- What you will do: Once the line with "前幾天,生命君在微博發布了這" is found in the entries below, repeat it and each following line exactly, up to and including the line with "Three off-white ceramic". Add no other lines.

** Opening Input records block **

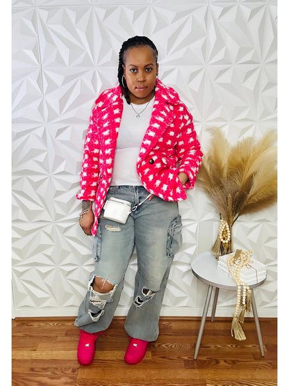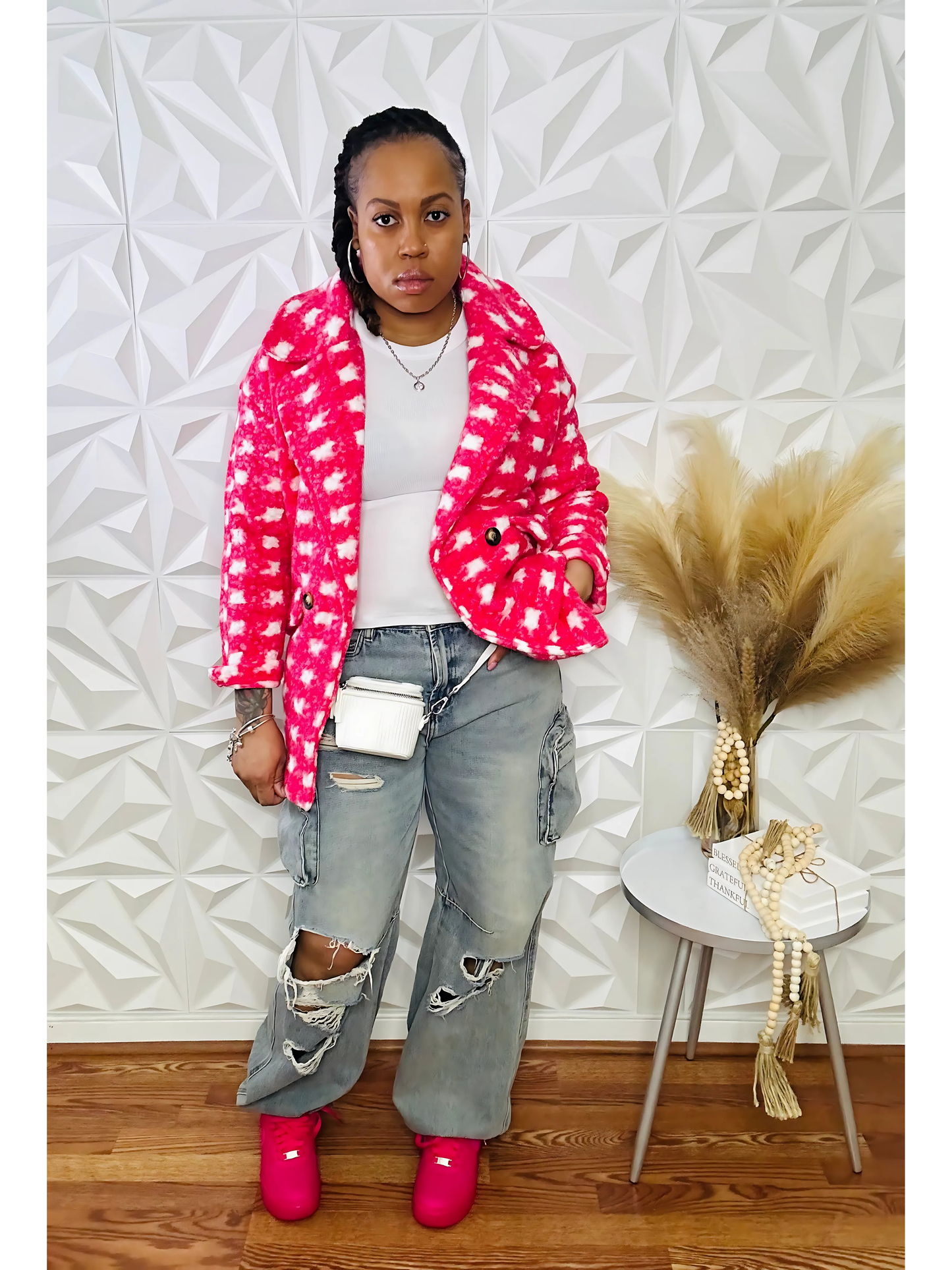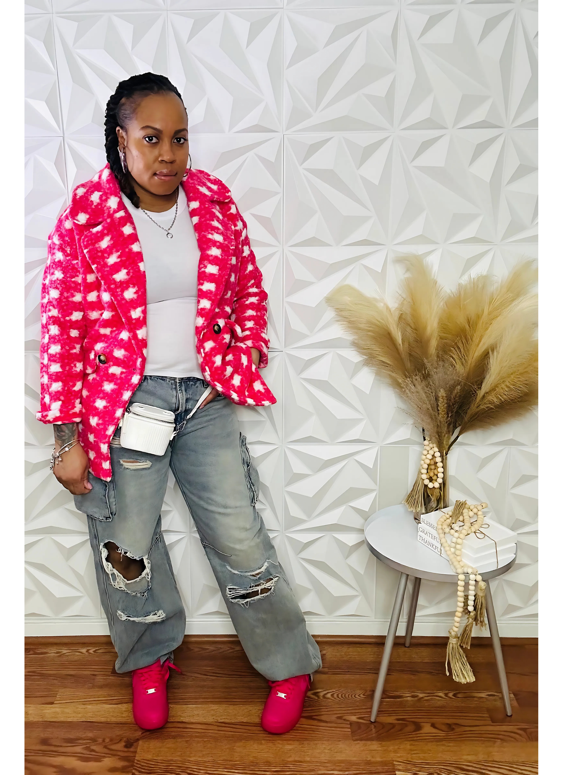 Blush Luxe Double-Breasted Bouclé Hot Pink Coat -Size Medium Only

** Closing Input records block **
** Opening Input records block **

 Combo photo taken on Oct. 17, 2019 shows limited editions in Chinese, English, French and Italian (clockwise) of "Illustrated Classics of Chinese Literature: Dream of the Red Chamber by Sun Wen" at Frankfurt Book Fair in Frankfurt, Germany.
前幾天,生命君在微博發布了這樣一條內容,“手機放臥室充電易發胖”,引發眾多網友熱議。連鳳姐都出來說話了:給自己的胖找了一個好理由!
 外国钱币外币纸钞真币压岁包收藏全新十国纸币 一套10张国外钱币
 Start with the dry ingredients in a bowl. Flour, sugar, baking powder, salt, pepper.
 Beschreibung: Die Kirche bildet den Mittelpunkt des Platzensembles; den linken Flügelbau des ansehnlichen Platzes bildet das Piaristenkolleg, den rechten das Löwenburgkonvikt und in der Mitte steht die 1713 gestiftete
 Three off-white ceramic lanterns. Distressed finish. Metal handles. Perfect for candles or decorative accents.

** Closing Input records block **
** Opening Input records block **

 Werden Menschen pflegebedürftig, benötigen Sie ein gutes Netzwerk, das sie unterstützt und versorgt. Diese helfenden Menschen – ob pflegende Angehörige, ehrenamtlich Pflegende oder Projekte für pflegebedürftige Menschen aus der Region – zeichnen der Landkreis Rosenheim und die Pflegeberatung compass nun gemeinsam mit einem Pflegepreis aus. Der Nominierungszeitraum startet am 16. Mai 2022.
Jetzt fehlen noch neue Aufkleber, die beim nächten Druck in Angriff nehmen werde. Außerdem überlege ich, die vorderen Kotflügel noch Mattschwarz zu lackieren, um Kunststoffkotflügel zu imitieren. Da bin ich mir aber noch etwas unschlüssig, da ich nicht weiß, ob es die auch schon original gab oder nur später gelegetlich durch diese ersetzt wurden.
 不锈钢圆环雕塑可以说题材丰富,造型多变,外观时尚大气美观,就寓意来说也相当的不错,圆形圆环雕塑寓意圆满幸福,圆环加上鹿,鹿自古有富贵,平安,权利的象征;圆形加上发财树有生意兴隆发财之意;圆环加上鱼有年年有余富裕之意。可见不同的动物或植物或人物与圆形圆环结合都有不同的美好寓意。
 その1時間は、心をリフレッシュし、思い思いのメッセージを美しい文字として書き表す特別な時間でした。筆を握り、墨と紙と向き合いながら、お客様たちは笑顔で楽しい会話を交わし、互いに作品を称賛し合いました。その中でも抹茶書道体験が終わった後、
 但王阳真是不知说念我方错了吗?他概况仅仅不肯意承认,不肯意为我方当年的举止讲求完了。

** Closing Input records block **

- Response area:
前幾天,生命君在微博發布了這樣一條內容,“手機放臥室充電易發胖”,引發眾多網友熱議。連鳳姐都出來說話了:給自己的胖找了一個好理由!
 外国钱币外币纸钞真币压岁包收藏全新十国纸币 一套10张国外钱币
 Start with the dry ingredients in a bowl. Flour, sugar, baking powder, salt, pepper.
 Beschreibung: Die Kirche bildet den Mittelpunkt des Platzensembles; den linken Flügelbau des ansehnlichen Platzes bildet das Piaristenkolleg, den rechten das Löwenburgkonvikt und in der Mitte steht die 1713 gestiftete
 Three off-white ceramic lanterns. Distressed finish. Metal handles. Perfect for candles or decorative accents.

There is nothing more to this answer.